* **What needs to be done**: Check each line of the listing for the word "Figura" and give only the number of lines that have it.

* **Input data**:
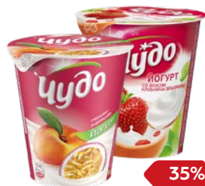
Йогурт ЧУДО, Клубника-земляника/ Персик-маракуя/ Вишня-черешня, 290 г
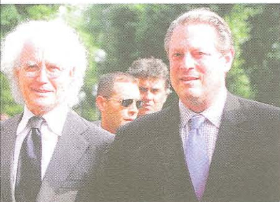
Benettos grundlægger og ildsjæl, Luciano Benetton, havde inviteret Al Gore til lanceringen af Colors' seneste magasin, som foregik på Triennalen i Milano.
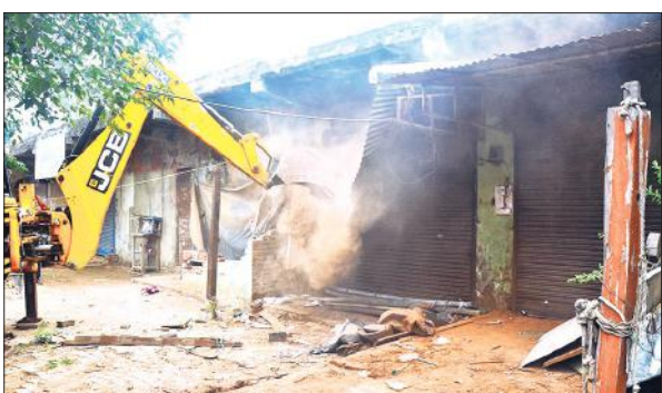
नगर निगम की टीम ने कटघर से अतिक्रमण हटाया।

लोगों ने जानकारी करनी चाही, लेकिन बाहरी लोगों को इस बैठक में शामिल नहीं होने दिया गया। चर्चा है कि इस बैठक में ही शहर में बवाल कराने की रणनीति तैयार हुई थी और सभी को अलग-अलग जिम्मेदारी सौंपी गई थी।
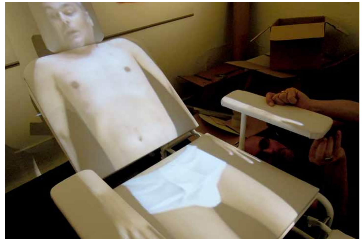
Titel: o.T. aus der Serie „beaute“, Teil des Projekts homo modernus, Ansichten aus Ausstellung masc foundation/39 dada
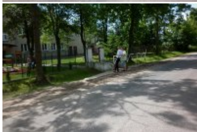
▪ 1 - Wyszonki Kościelne
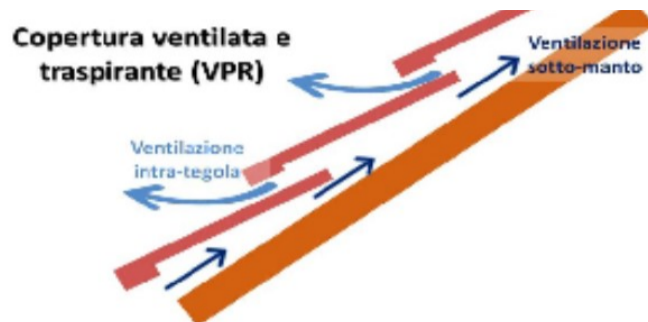
Figura 2: Una copertura ventilata e permeabile (VPR) caratterizzata da una ventilazione sotto-manto e intra-tegola.
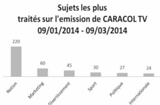
(Gráfico 2) Datos en francés (Lengua original del trabajo de investigación).

En el caso de la televisión, se recogieron los datos a través de un análisis de contenido de los vídeos de los titulares de la emisión de noticias de las 19:00 horas, los cuales fueron tratados categorizando estadísticamente la información que se muestra en un gráfico diario y otro final (ver gráfico 2):
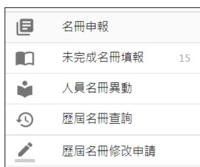
圖 3-2 名冊管理基本資料操作畫面

填報者經由填報登入進入系統後，系統會依所屬權限自動進入主畫面，左側功能列表可切換到不同的管理項目。
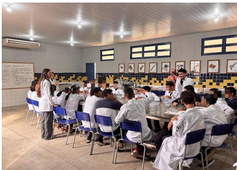
Figura 03. Estudantes realizando a prática
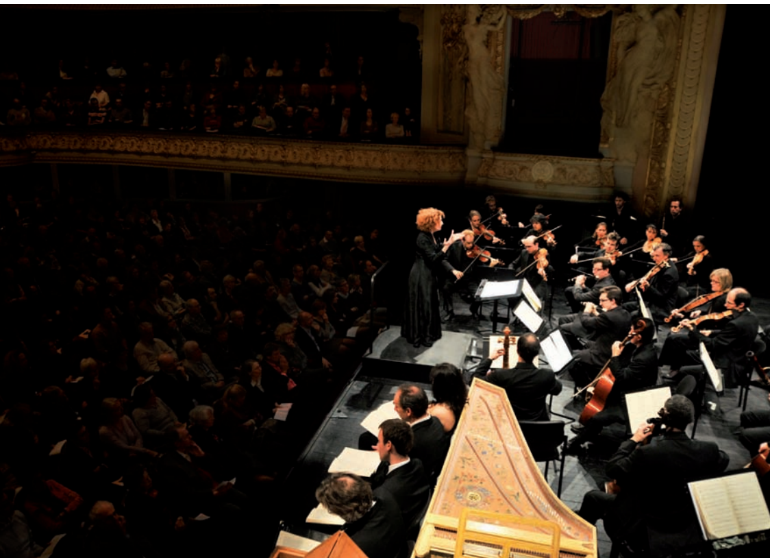
Emmanuelle Haïm, Le Concert d'Astrée
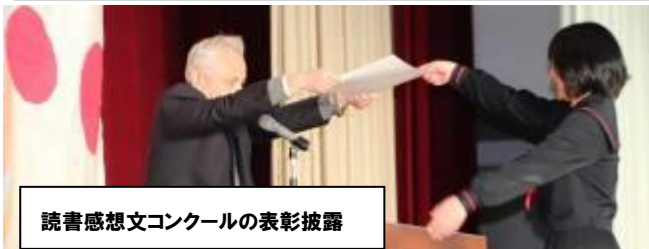
読書感想文コンクールの表彰披露
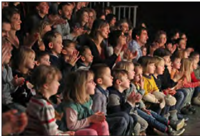
Applaudissement chaleureux et yeux qui brillent après la représentation de « Du vent dans la tête », création du Bouffou théâtre.
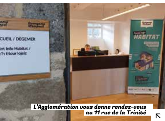
L'Agglomération vous donne rendez-vous au 11 rue de la Trinité
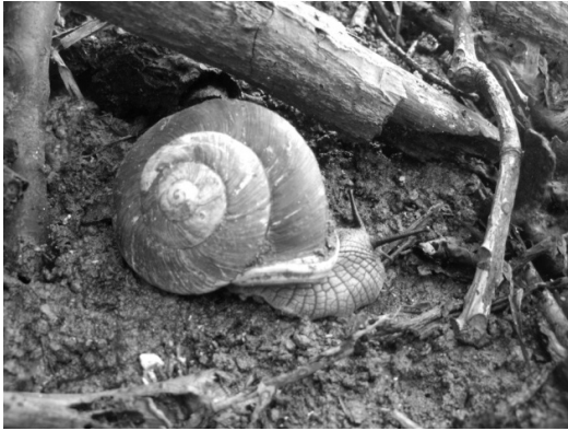
Fig. 1. Polydontes imperator sobre sustrato térreo.

* **Completed task**: 2